A: Yes. The LRTK app is designed to be user-friendly for beginners, and by following on-screen prompts you can navigate pile positions. No complex calculations or specialized knowledge are required, so even those with limited field experience can operate it after a short training period.

Q: Can it be used for tasks other than pile driving?

A: Absolutely. LRTK can be applied to layout of building foundations, setting out locations for temporary structures, establishing control points in roadworks, locating buried pipes, and all kinds of surveying and layout tasks. It helps visualize coordinate points from drawings on site, so one device can streamline many types of field surveying.

Q: What is the positioning accuracy?

A: It depends on environmental conditions, but typically horizontal positions are accurate to about ± a few centimeters (± a few inches), and vertical accuracy is a few centimeters to less than ten centimeters (a few inches to less than 3.9 in). This is dramatically more accurate than standalone GPS and is sufficient for pile driving and staking-out in construction sites.

Q: Does weather or surrounding environment affect positioning accuracy?
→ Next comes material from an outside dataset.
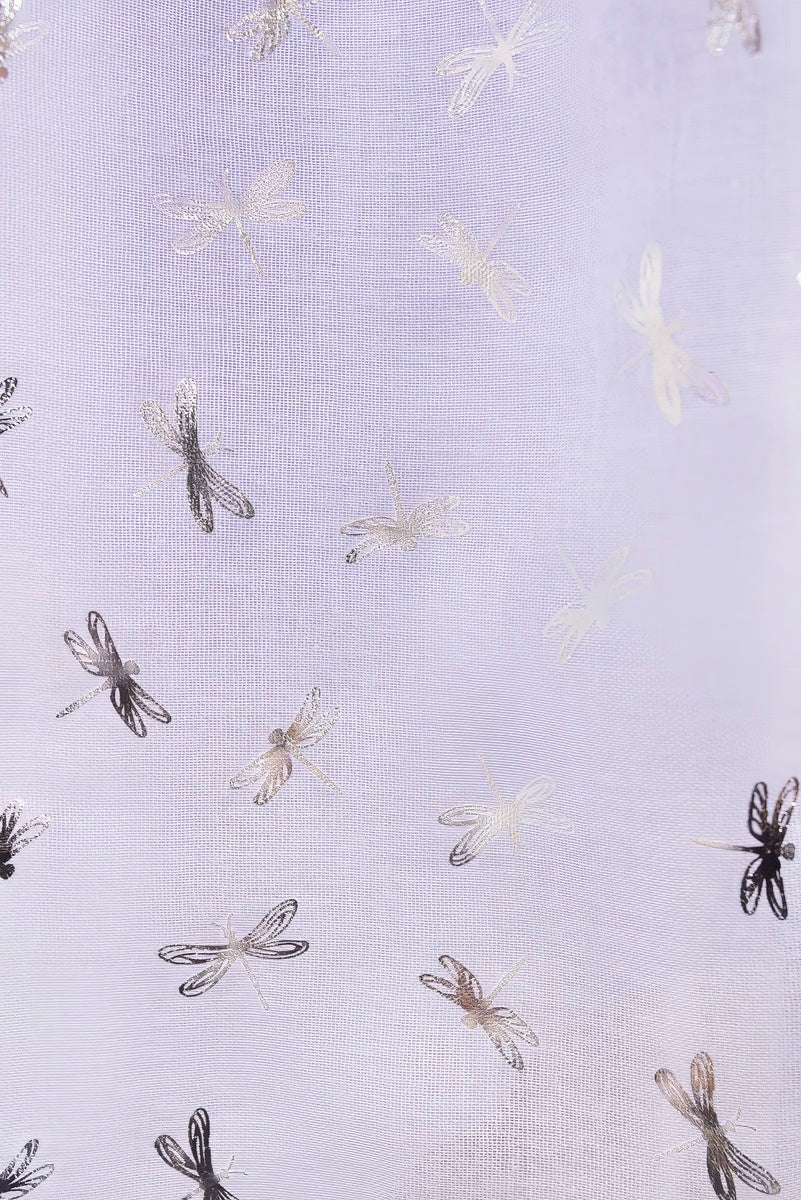 Add a dreamy touch to your outfit with this metallic dragonfly print scarf. Neriah is soft, floaty, and easy to throw on for everyday glam. Style it over basics or outerwear for a subtle shimmer finish.

A: Because it relies on satellite signals, accuracy is generally only slightly affected by light rain or cloudy skies if the site is outdoors with open sky. However, in environments where the overhead view is obstructed—such as inside forests or surrounded by high-rise buildings—satellite reception can be poor and accuracy may degrade. In such cases, positioning may take longer or errors may increase, so consider changing observation points as needed. The LRTK device is dustproof and waterproof, so it operates fine in light rain.

Q: What do I need to use it?

A: All you need is the LRTK device and a compatible smartphone. The app is available for both Android and iPhone. RTK positioning requires receiving correction data from a reference station, but LRTK supports network RTK via mobile communications, so if your phone has cellular connectivity on site you can perform high-precision positioning. In Japan, LRTK is also compatible with the Quasi-Zenith Satellite System (QZSS) high-precision augmentation service (CLAS), which allows centimeter-level positioning without an internet connection within the supported coverage area.

Q: I'm worried about the cost of introduction—does it offer cost-effectiveness?

A: LRTK is generally more affordable than a full set of dedicated surveying instruments and makes use of existing smartphones, reducing waste. It can also reduce the need to hire external surveying contractors, lowering operating costs. Considering labor and time savings and resulting productivity improvements, adopting LRTK can be a cost-effective investment.

Q: I'm concerned the operation might be difficult. Is there support?

A: The LRTK provider offers initial device setup assistance and provides training materials and manuals on app usage. Support contact is available, so even those unfamiliar with device operation can introduce it with confidence. If you encounter problems on site, you can consult the support desk for advice.